Apache Log4j 2.8.2 Jar Exposes Critical 10.0 CVSS Vulnerabilities in Software Supply Chain

A critical security alert has been triggered for the Apache Log4j library version 2.8.2, exposing systems to two severe vulnerabilities with the highest possible severity rating of 10.0 on the CVSS scale. The findings, flagged in a software dependency scan, indicate a direct and exploitable weakness in a foundational logging component used across countless Java applications worldwide. The exploit maturity for both flaws is rated as 'High,' and the EPSS (Exploit Prediction Scoring System) scores exceed 94%, signaling an imminent and widespread risk of active exploitation.

The vulnerable library, `log4j-core-2.8.2.jar`, is a direct dependency identified in a project's Maven configuration. The primary threat is CVE-2021-44228, a remote code execution vulnerability with a maximum CVSS score of 10.0. A second critical flaw, CVE-2021-45046, carries a CVSS score of 9.0. Both vulnerabilities are present in this specific, outdated version of the Apache Log4j implementation, a ubiquitous logging framework maintained by the Apache Software Foundation.

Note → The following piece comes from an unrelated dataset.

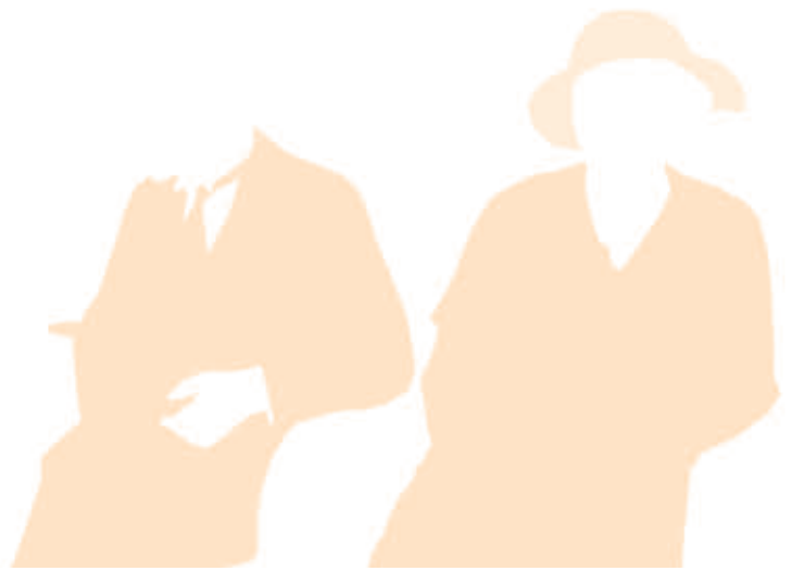
Prezidentas Antanas Smetona su žmona Sofija dalyvauja renginyje. Kaunas, 1933 m.

The immediate pressure is on development and security teams to locate and remediate any instances of this vulnerable library. Patched versions are available, including Log4j core versions 2.3.1, 2.12.2, and 2.15.0 for the first CVE. The presence of these flaws in a core, transitive dependency underscores the persistent and systemic risks within modern software supply chains, where a single vulnerable component can cascade security failures across entire application ecosystems.